ASSIGNED TASK - Write back every line of the listing exactly, excluding images.

SOURCE MATERIAL -
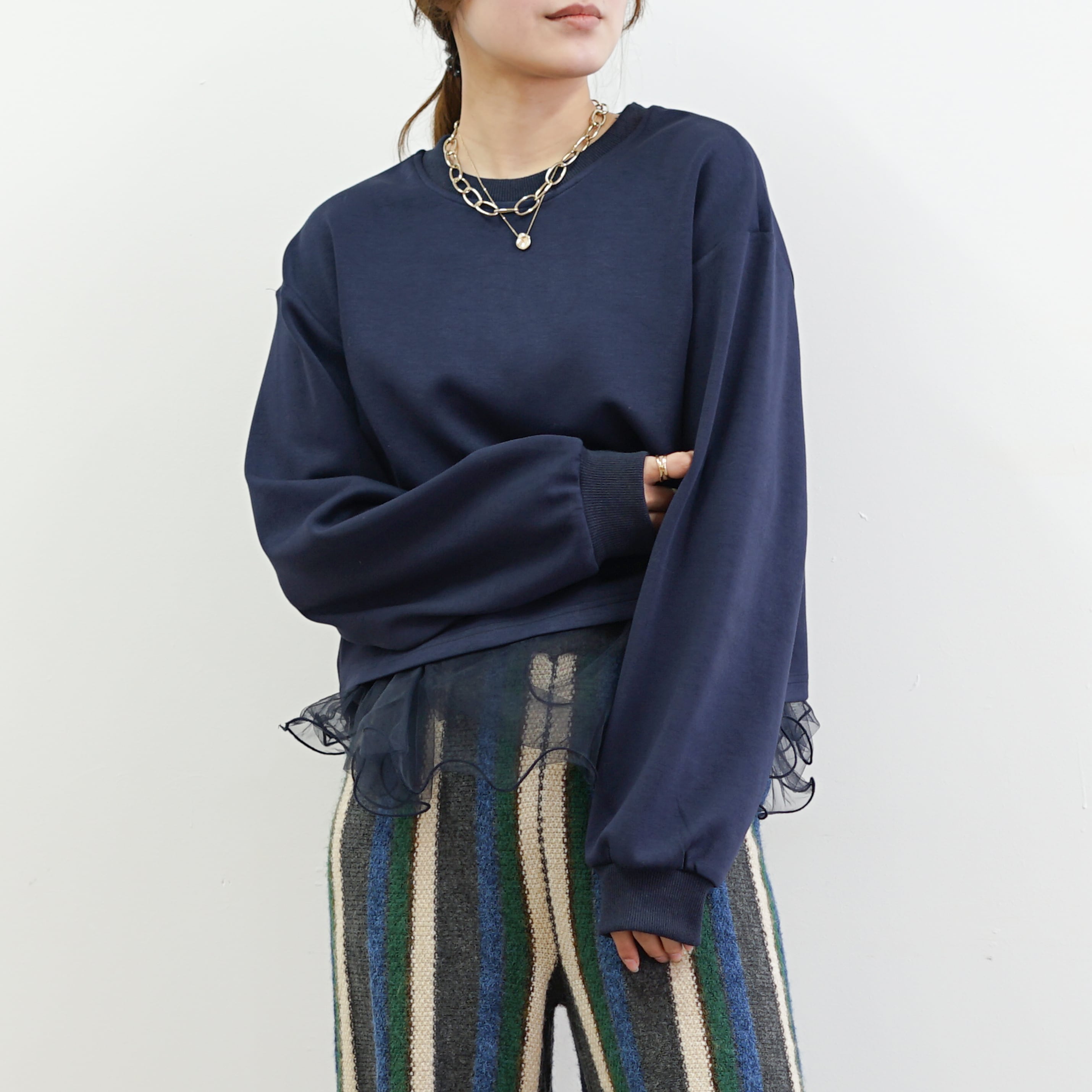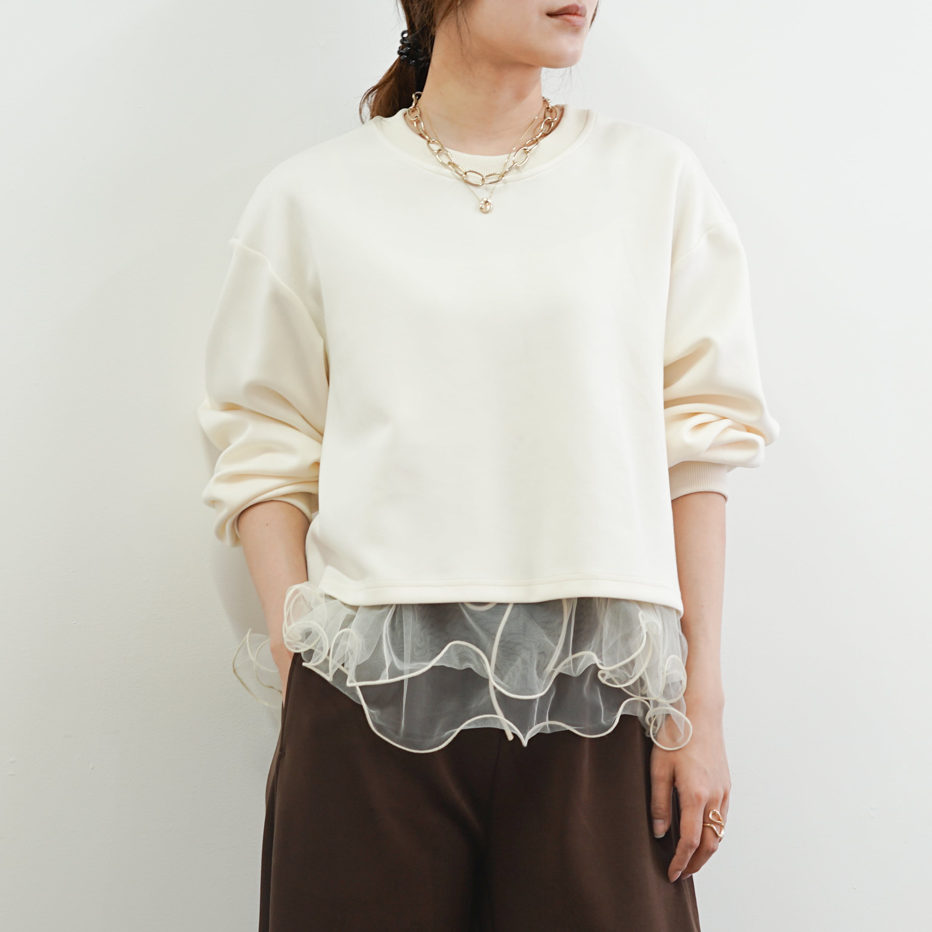 オーガンジーフリルレイヤードTOPS
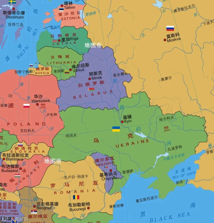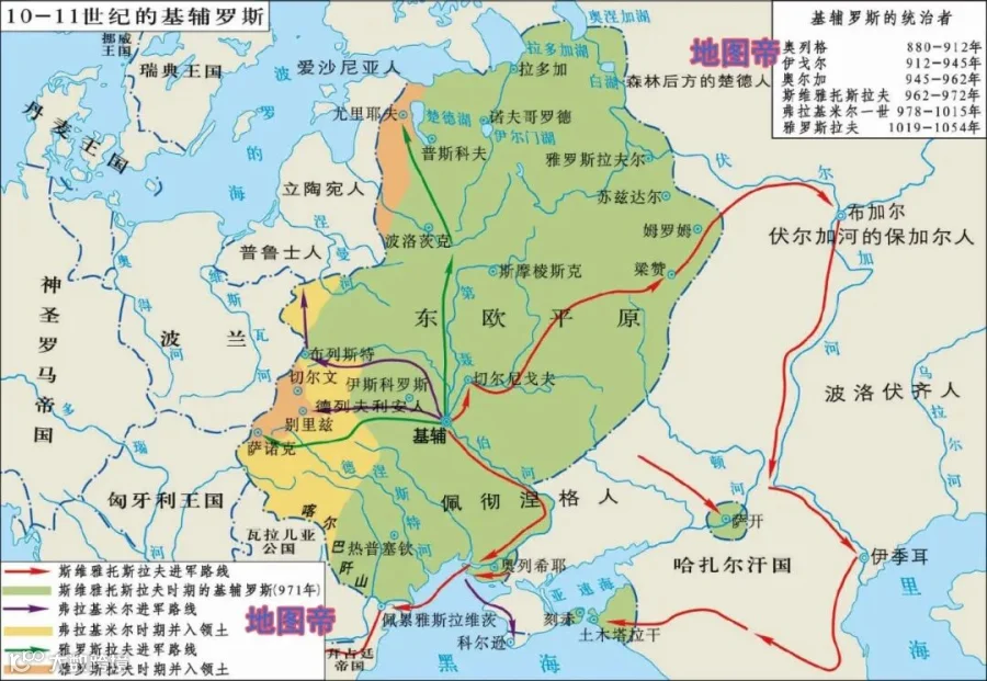 基辅罗斯先后与东边蒙古金帐汗国、南边奥斯曼土耳其、西边西斯拉夫波兰、北边立陶宛大公国交战,十足的四战之地。
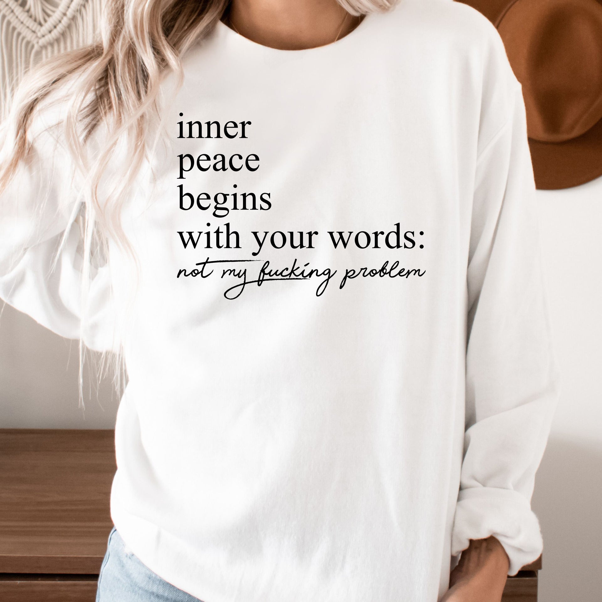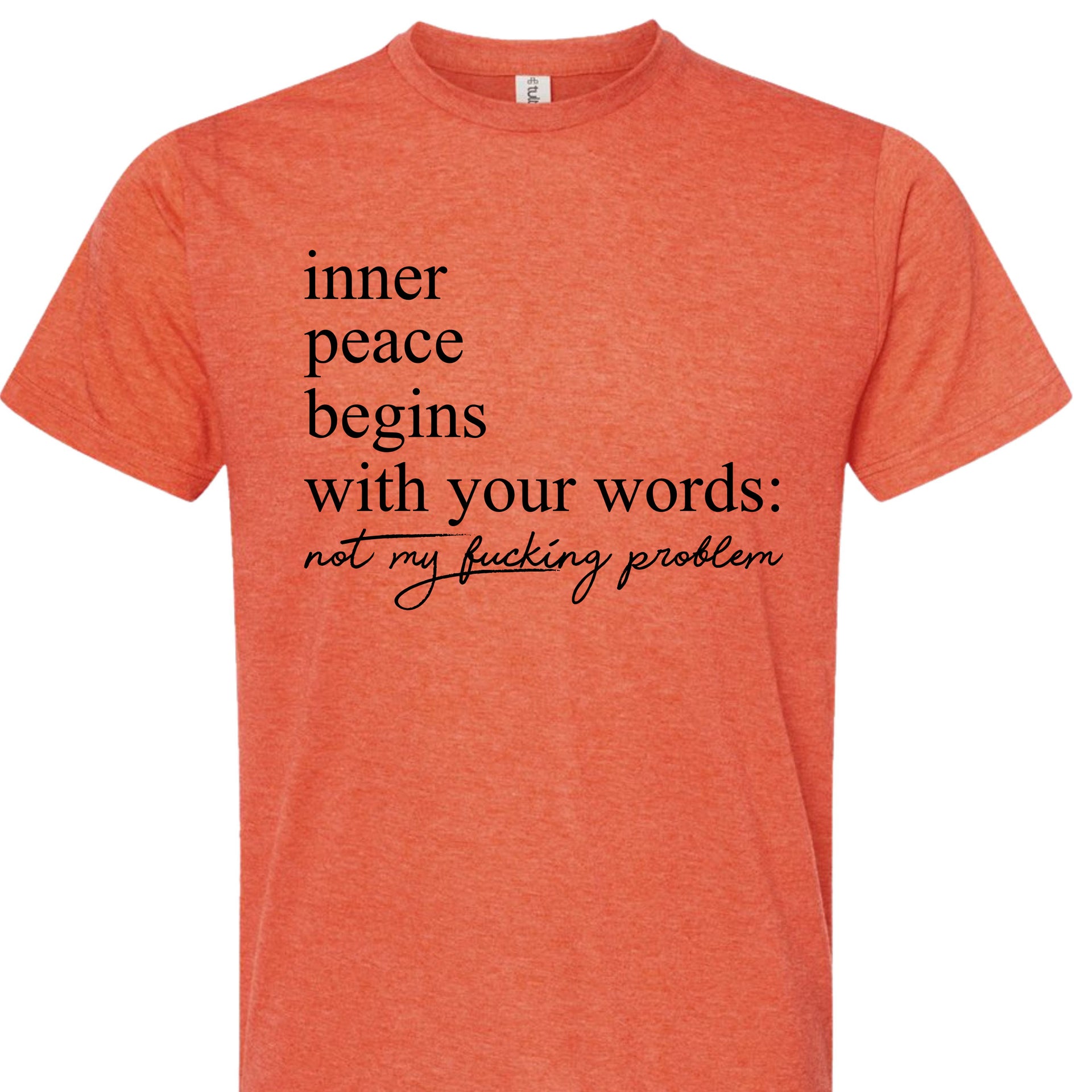 Embrace your boundaries and zen vibes with a bold twist! This design reminds everyone that your peace comes first with the unapologetic phrase, "Inner peace begins with your words: not my f***ing problem." Perfect for those who protect their energy and keep it real. Let the world know you’re all about calm vibes—minus the drama!

RESPONSE TO THIS EXERCISE -
 オーガンジーフリルレイヤードTOPS
 基辅罗斯先后与东边蒙古金帐汗国、南边奥斯曼土耳其、西边西斯拉夫波兰、北边立陶宛大公国交战,十足的四战之地。
 Embrace your boundaries and zen vibes with a bold twist! This design reminds everyone that your peace comes first with the unapologetic phrase, "Inner peace begins with your words: not my f***ing problem." Perfect for those who protect their energy and keep it real. Let the world know you’re all about calm vibes—minus the drama!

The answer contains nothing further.